My latest blog post is up here at the Living Lutheran site. In the post, I talk about our increasingly amplified world, my experiences with silence at a monastery, and why religious traditions stress silence.
I am aware that churches walk a fine line between too much amplification and not enough--and then, there's always the glitches with the sound system which can lead to amusing/frustrating/annoying experiences. I was at a non-Lutheran church once which was having such issues with the sound system that the pastor did an exorcism of the sound system right in the middle of the service. I couldn't tell whether the pastor was serious or not: it wasn't a church that I associate with exorcisms. The intriguing thing: the sound system behaved for the rest of the service.
At a Lutheran church I belonged to years ago, we experimented with a contemplative evening service followed by potluck dinner. I loved the dimmer sanctuary and the extra candles. I loved reading/hearing a Bible passage and sitting with it. No explication, no sermon on it, just the Word sinking into our bones. It was hard to get everybody on board. People wanted to talk. I suspect that if we had continued beyond the Advent season, we might have gotten people used to the process. Or maybe the people who couldn't get comfortable with silence would have stopped coming.
I know that it's hard for churches to get the amplification just right. Even the non-hearing impaired often need some amplification. And then there are those of us who get jangled at all this stimuli.
I'm intrigued by modern/post-modern/emergent churches who use ambient sound and projected images and songs with words going on at the same time. I haven't experienced the extreme end of that, but I have been to churches with big screens and pictures. One church projected the hymn we were singing, complete with bouncing ball: hymn karaoke! Many churches with projection systems can't resist beaming pictures to the screen. I've often hated the pictures on the screen and got distracted by wondering who chose such awful photos. If I wanted to be subjected to a horrible PowerPoint presentation, I'd go to the American workplace.

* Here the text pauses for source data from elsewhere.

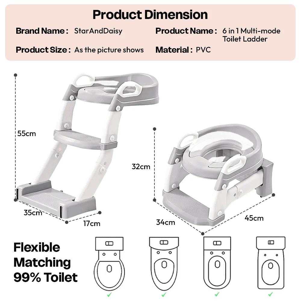 StarAndDaisy 6 in 1 Multi-Mode Toilet Ladder for Kids with Step Stool, Potty Seat & Adjustable Height, Foldable Toddler Toilet Training Seat – Grey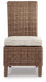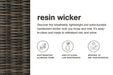 Details | All-weather resin wicker handwoven over powder coated rust-resistant aluminum frame, Cushion covered in high-performing Nuvella® fabric, All-weather foam cushion core wrapped in soft polyester, Clean fabric with mild soap and water, let air dry; for stubborn stains, use a solution of 4 oz. bleach to 28 oz. water, Imported fabric and fill | |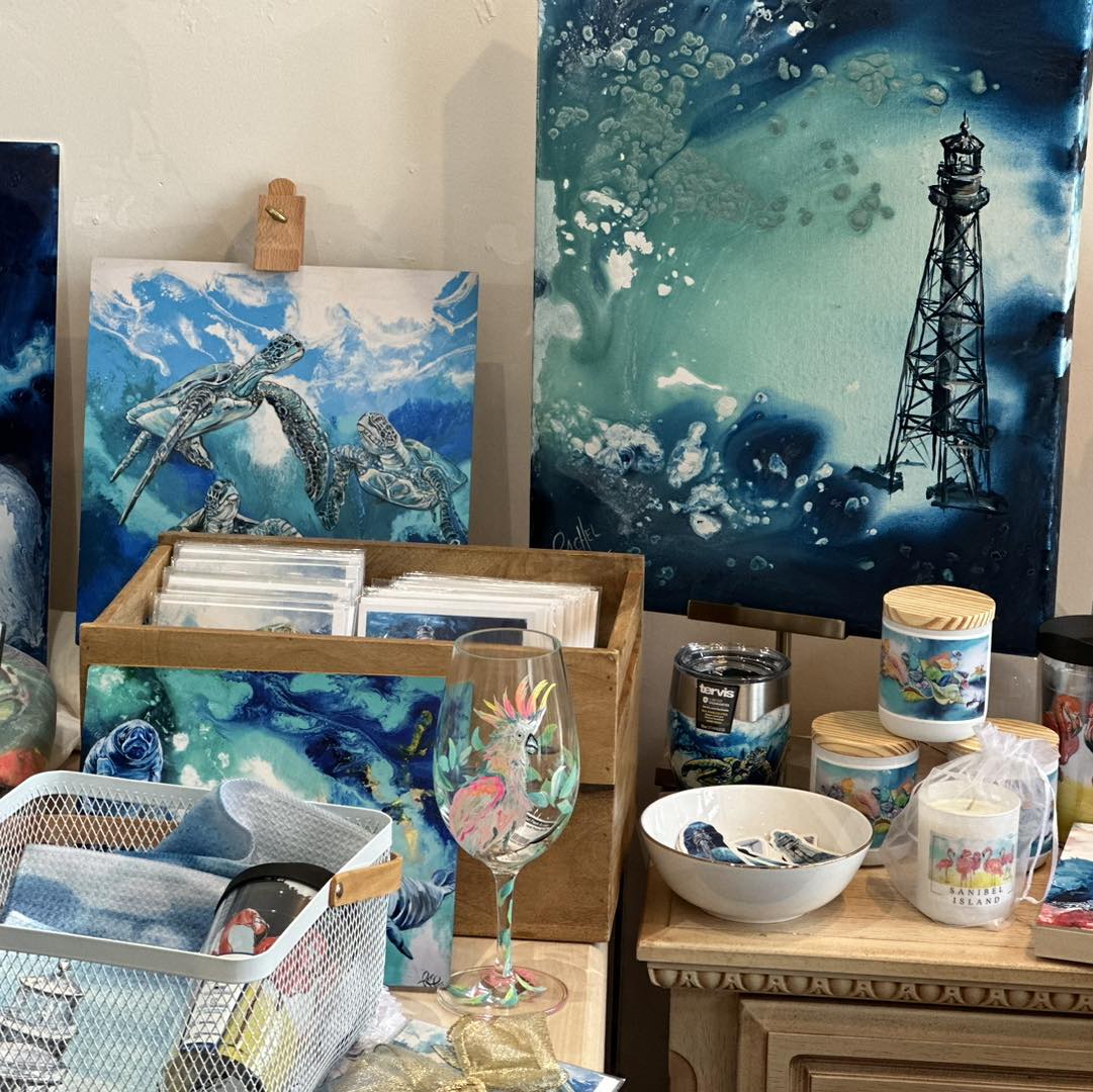 Rachel Pierce paints modern, fantastical, original art in oil and acrylic reflecting the natural beauty and abundant wildlife found only in Southwest Florida. From abstract beachscapes to realistic underwater tableaus, Rachel’s colorful coastal creations teem with tropical creatures and lush flora, and her joyful energy flows through each brushstroke. Popular motifs, including the iconic Sanibel Lighthouse, are also available in a wide variety of prints, fine jewelry, clothing, accessories, home goods, and gifts.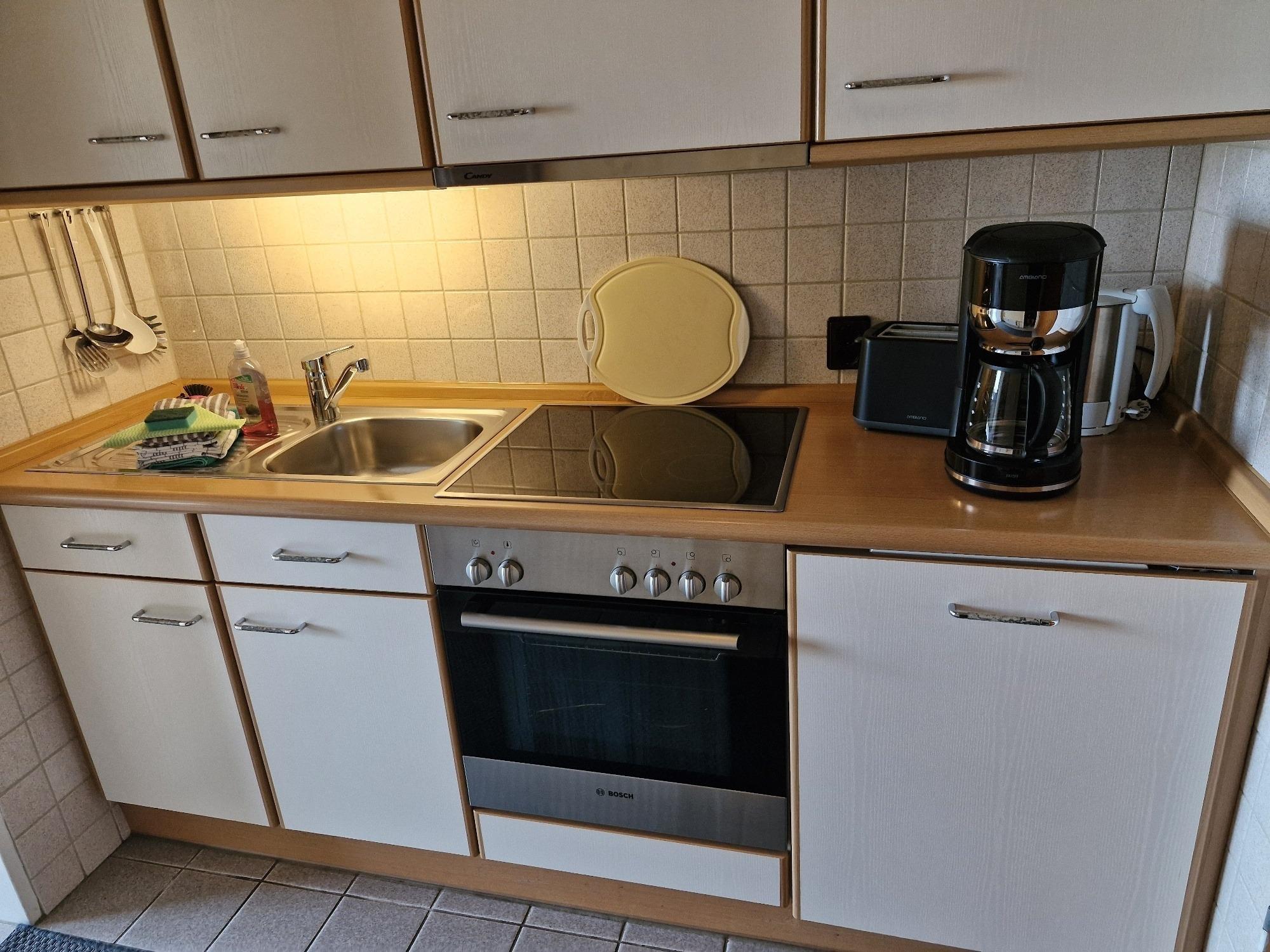 Die Küchenzeile befindet sich im Eingangsbereich der Wohnung und ist komplett eingerichtet. Sie bietet alles, was Sie für die tägliche Selbstverpflegung benötigen – vom Frühstück bis zur kleinen Mahlzeit am Abend.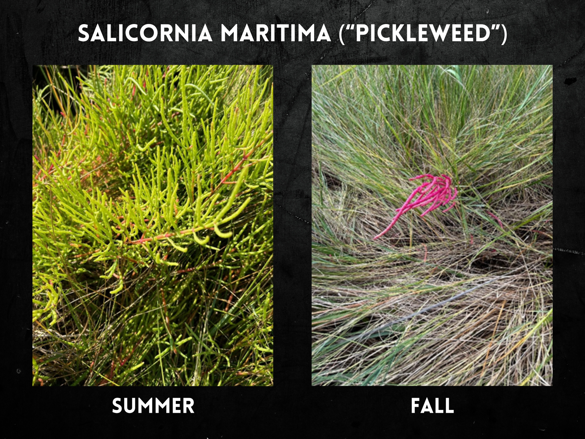 Another common salt marsh plant is the succulent Salicornia maritima, commonly known as “sea bean” or “pickleweed” for its briny taste (yes, it is edible!). Pickleweed undergoes a dramatic transformation between summer and fall, going from bright green to hot pink. Like smooth cordgrass and saltmarsh hay, pickleweed plays an important part in creating a robust marsh ecosystem. |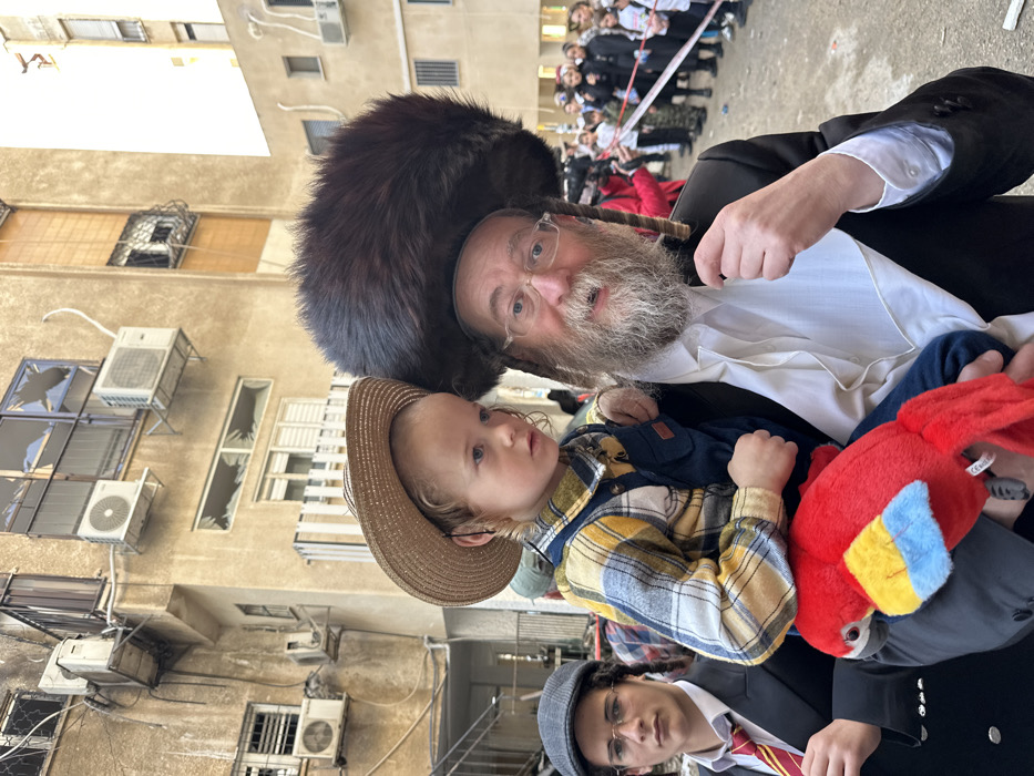 The image portrays an outdoor urban scene in Bnei Brak, Israel, under daylight conditions. In the central foreground, an adult male with a graying beard and side curls (peyot) wears a large, dark fur hat (shtreimel), clear-rimmed glasses, a black suit jacket, and a white ruffled shirt. He holds a young child on his left arm, looking directly at the camera with a slightly open mouth. The child, a blonde-haired toddler, wears a straw cowboy hat, a yellow and blue plaid shirt, and dark blue overalls. The child holds a red plush parrot toy with blue and yellow accents and gazes towards the viewer's right. To the left of the central figures, a teenage male with dark hair wears a dark grey flat cap, glasses, a dark suit jacket, a white shirt, and a red and yellow striped tie, also looking at the camera. The background consists of multiple stories of light-colored, residential buildings featuring numerous windows; several windows exhibit broken glass. Multiple white external air conditioning units are mounted on the building facades, with visible conduits. In the distant background, a crowd of individuals, including many children, is visible behind a red and white barrier tape to the right. The ground beneath the subjects appears to be a worn, paved or dusty surface.

I think about the monasteries I've seen and their austere, yet beautiful, chapels. When I go to Mepkin Abbey, I'm always intrigued by the way the worship space changes from service to service, with flowers and candles and statues and framed art. I wish that I lived close enough to see how the space changes with the liturgical seasons.
I have a friend who converted from the Church of England to become a Quaker. I'd love to attend her church, just to see what it's like. Even monasteries aren't as committed to silence as the Quakers.
I'm not one of those bloggers who has all the answers and is only too happy to share them with you. I'm a woman who has experimented a lot with worship, including not going, and has yet to find a completely perfect option. I suspect there is no perfect option. Even having more options means that we spread ourselves ever more thinly as a worshipping congregation.
Perhaps we have a contemplative service (one per season? one per month?). Perhaps we build more silence into the service. Perhaps I build more silence into my daily life so I'm not so jangled. Perhaps we commit to silence before the worship. If our churches have unused spaces, maybe we could recreate them into small, silent chapels.
but bestows favor on the humble
1 year ago
1 comment:
We have weekly quiet night services during Advent and Lent. As you said, readings and chants with no meditation, explication, sermonizing. In Lent, followed by supper--in Advent not. I wish my schedule had allowed me to get to more of them.
We discussed use of power point at our church once (so far we don't do it) and I brought up the fact that I find many of the images distracting and too much pushing a particular idea of something rather than allowing me to create my own. I don't think we need MORE stimulation. Really.